# Work instructions
Output, exactly as written, the lines below starting at the line containing "[킹콩티비]11월 18일 뉴욕닉스" and ending at the line containing "С 03 декабря". Drop the pictures and keep both end lines.

# Supplied material

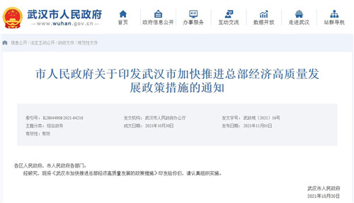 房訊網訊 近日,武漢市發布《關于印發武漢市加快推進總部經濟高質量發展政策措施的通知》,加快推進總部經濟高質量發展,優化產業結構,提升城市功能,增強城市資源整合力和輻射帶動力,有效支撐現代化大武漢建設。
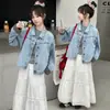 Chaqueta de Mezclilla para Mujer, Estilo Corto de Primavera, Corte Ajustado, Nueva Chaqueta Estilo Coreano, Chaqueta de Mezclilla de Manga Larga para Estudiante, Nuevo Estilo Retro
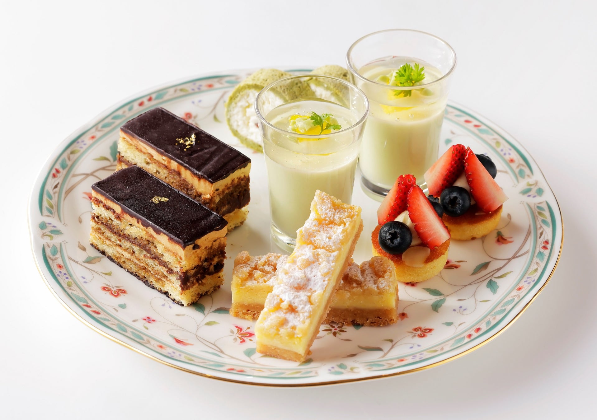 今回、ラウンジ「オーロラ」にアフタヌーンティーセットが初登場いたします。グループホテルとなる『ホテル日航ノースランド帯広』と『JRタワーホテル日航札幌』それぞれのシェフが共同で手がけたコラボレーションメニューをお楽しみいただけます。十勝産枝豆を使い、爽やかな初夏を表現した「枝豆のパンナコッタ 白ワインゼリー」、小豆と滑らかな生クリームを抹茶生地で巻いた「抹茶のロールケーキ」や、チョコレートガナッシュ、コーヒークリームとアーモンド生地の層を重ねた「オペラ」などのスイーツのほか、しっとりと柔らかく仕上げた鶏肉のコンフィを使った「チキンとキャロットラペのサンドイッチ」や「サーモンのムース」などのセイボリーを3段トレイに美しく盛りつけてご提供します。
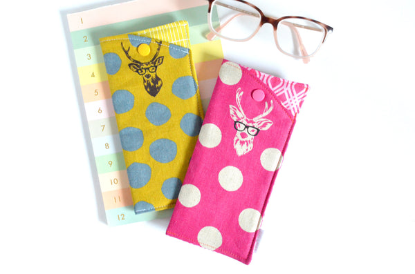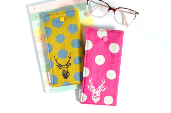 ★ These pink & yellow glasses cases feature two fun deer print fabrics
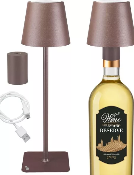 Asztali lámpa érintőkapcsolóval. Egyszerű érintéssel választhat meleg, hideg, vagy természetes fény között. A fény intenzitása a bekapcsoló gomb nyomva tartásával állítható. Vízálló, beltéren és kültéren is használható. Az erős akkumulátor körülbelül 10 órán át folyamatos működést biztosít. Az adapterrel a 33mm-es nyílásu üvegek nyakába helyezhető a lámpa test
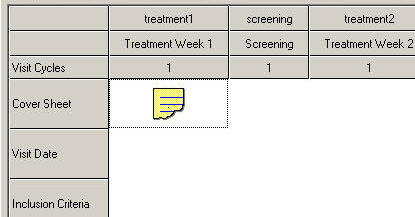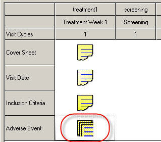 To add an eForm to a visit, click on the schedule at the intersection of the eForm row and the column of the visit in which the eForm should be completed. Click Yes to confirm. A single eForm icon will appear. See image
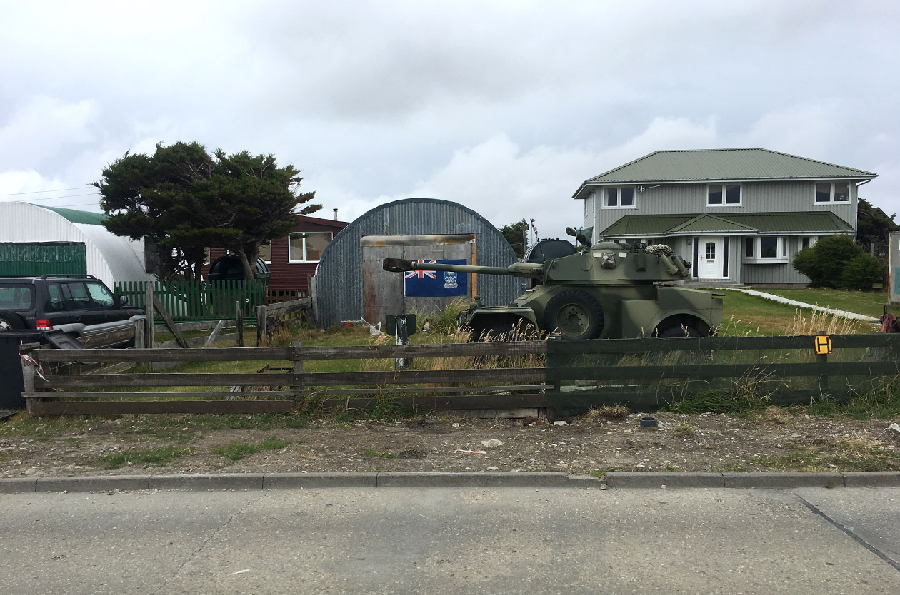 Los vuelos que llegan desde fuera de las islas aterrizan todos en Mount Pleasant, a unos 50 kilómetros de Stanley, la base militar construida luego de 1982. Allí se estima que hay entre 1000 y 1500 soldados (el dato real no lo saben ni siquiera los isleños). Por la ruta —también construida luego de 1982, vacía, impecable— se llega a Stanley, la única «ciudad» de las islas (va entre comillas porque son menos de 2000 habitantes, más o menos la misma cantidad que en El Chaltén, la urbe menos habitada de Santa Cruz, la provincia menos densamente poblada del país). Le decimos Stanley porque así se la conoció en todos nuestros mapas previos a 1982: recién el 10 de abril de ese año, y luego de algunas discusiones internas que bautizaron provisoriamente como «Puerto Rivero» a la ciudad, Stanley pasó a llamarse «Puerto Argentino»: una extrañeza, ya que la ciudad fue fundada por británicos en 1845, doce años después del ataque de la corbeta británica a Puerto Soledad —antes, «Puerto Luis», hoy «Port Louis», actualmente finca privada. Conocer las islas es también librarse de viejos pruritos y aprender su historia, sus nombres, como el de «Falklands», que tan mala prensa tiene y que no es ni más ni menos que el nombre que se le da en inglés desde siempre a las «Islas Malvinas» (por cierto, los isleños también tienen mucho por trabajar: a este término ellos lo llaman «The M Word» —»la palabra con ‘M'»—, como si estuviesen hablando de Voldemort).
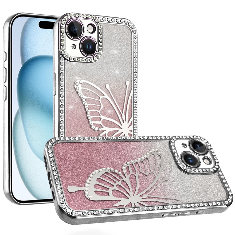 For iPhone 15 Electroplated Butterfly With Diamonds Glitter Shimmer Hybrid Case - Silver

==

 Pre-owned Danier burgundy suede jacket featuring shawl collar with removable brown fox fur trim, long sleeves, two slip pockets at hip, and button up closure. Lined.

==

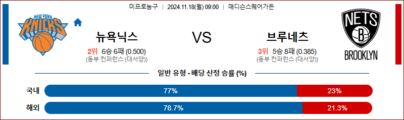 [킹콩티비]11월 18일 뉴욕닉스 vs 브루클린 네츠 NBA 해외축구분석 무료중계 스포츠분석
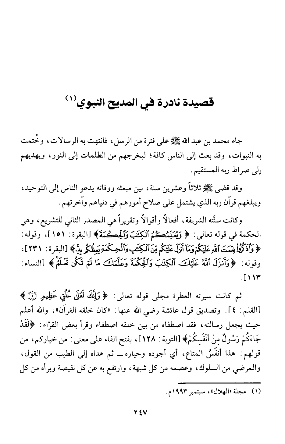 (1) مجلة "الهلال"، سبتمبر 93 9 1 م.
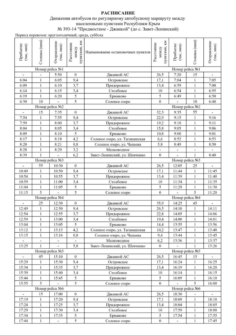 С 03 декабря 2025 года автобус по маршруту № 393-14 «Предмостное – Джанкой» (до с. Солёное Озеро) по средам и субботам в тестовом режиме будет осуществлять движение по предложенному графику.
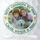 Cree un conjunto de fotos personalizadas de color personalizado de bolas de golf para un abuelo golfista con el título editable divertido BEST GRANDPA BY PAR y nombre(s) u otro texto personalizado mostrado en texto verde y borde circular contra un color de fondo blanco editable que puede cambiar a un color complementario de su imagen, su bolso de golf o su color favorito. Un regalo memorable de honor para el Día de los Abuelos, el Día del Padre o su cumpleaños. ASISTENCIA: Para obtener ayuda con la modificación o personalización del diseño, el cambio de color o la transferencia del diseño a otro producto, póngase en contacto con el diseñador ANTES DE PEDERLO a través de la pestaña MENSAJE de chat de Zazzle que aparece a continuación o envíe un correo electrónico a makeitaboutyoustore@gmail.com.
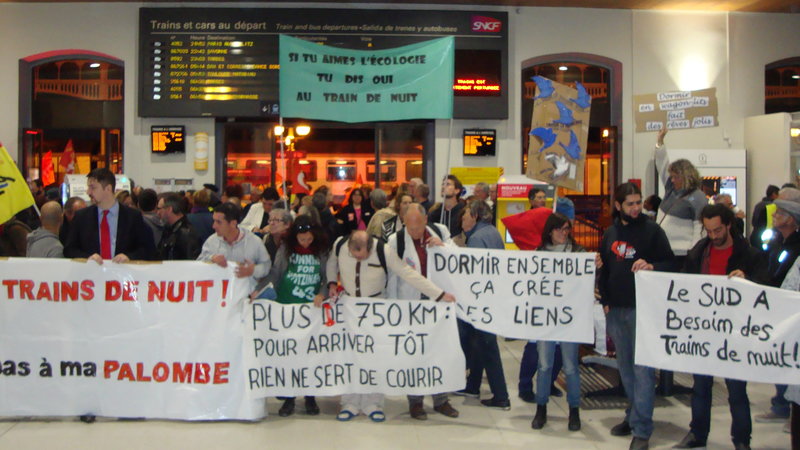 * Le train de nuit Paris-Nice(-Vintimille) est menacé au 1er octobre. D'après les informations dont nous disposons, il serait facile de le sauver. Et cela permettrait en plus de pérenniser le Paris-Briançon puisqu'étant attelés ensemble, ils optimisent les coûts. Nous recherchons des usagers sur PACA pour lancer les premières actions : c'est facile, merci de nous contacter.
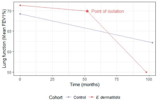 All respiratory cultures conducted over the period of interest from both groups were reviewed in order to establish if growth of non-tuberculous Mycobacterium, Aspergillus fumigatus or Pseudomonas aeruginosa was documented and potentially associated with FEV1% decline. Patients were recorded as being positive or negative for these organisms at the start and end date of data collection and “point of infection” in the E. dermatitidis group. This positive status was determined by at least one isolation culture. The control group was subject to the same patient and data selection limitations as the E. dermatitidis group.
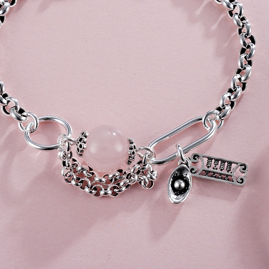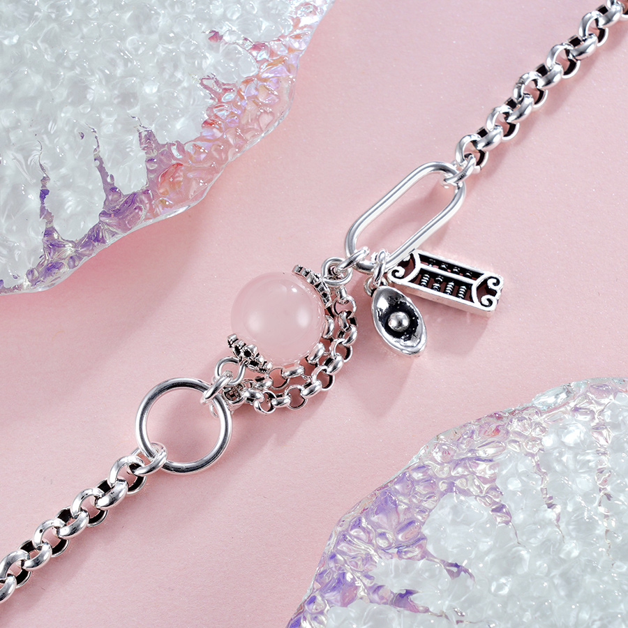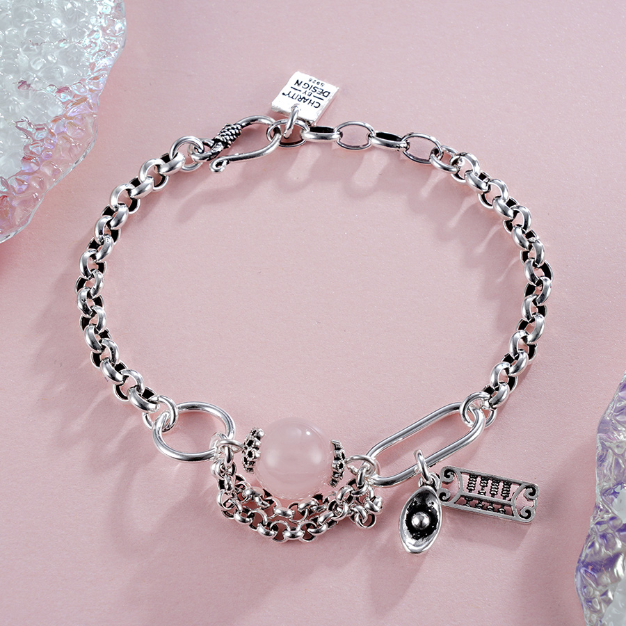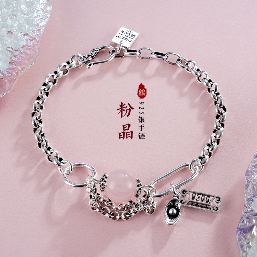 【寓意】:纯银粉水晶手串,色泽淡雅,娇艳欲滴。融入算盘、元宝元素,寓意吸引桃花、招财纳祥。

# Exercise solution
 [킹콩티비]11월 18일 뉴욕닉스 vs 브루클린 네츠 NBA 해외축구분석 무료중계 스포츠분석
 (1) مجلة "الهلال"، سبتمبر 93 9 1 م.
 С 03 декабря 2025 года автобус по маршруту № 393-14 «Предмостное – Джанкой» (до с. Солёное Озеро) по средам и субботам в тестовом режиме будет осуществлять движение по предложенному графику.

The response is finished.